SOURCE DATA below:

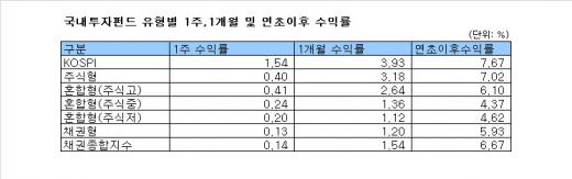 국내 주식형펀드는 3주 연속 오르며 3.67% 상승했다. 월별 상승률은 3.18%를 나타냈다. 코스피지수가 1800선을 돌파한 이후 안착에 성공하며 연고점을 높여가면서 주식형펀드 수익률도 양호한 흐름을 보이고 있다.
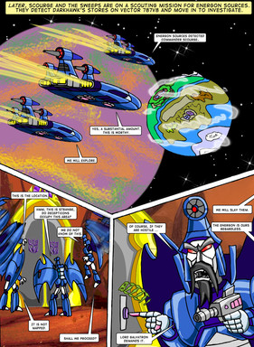 This is based on short text only story from the Transformers UK comics, which briefly explains events happening on Cybertron after the Ark & Nemesis spacecraft's, and their respective crews leave Cybertron, leading up to Operation Volcano in the Target 2006 story.The awesome colours have been done by
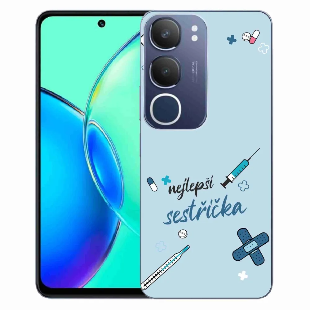 Rugalmas zselés tok mmCase a Vivo Y19s képével - a legjobb kishúg kék háttérrel
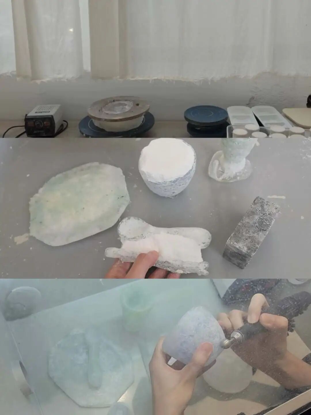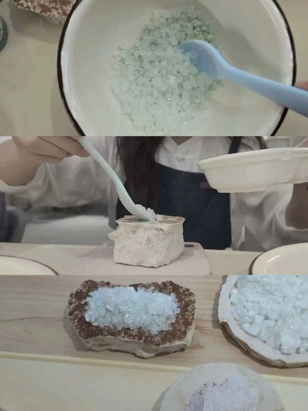 它与吹玻璃的热塑原理不同,在这里,色彩是唯一的主角,过程更像一场严谨的色彩构成与高温化学实验。第一天,老师会教你构建泥胚的轮廓和围挡,有点像玩泥巴;第二天你则要小心翼翼地剔除泥土和调配色粉,这一步是最减压的,有点像“采耳”;最后一天要敷彩上色、打磨成品、等待窑变,在不可预测中让期待拉满。
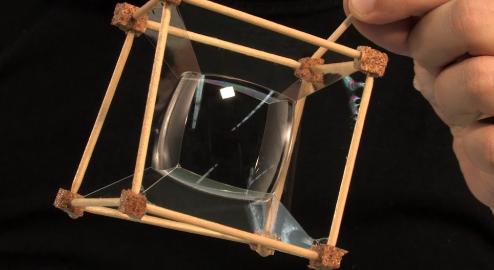 Opalizujące błony mydła rozciągające się w różnych kadrach.
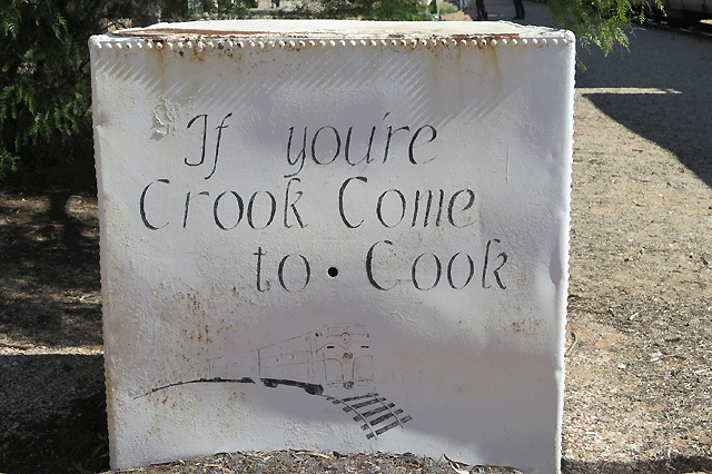 The wild hop seeds were used by the Afghan camel drivers to pad out their saddle-bags, yet they inadvertently added splashes of colour to the landscape, far and wide, as the seeds shed from the padding of their bags. We pulled into Cook, which was previously a service town for the Trans-Continental Railway. Just four people remaining living in Cook, servicing the trains with water and diesel, as they pass each day.
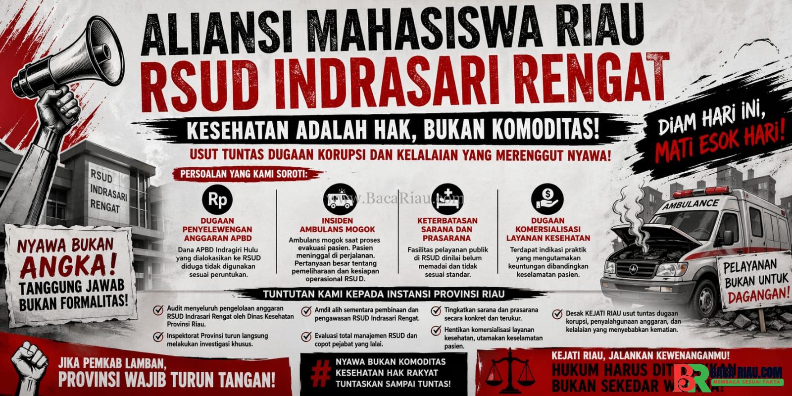 PEKANBARU-BACARIAU.COM-,Jum’at 24 April 2026— Aliansi Mahasiswa Riau menyatakan akan menggelar aksi unjuk rasa dalam waktu dekat sebagai bentuk desakan terhadap Kejaksaan Tinggi Riau agar segera mengambil langkah tegas dalam mengusut dugaan pelanggaran hukum di RSUD Indrasari Rengat, Kabupaten Indragiri Hulu.

End of SOURCE DATA.

> _WORK TASK_:
Find where the line with "This is based" sits in the material above and where the line with "Rugalmas zselés tok" sits. Set down exactly the lines from the first to the second, both included and nothing else, without pictures.

> _TASK RESULT_:
 This is based on short text only story from the Transformers UK comics, which briefly explains events happening on Cybertron after the Ark & Nemesis spacecraft's, and their respective crews leave Cybertron, leading up to Operation Volcano in the Target 2006 story.The awesome colours have been done by
 Rugalmas zselés tok mmCase a Vivo Y19s képével - a legjobb kishúg kék háttérrel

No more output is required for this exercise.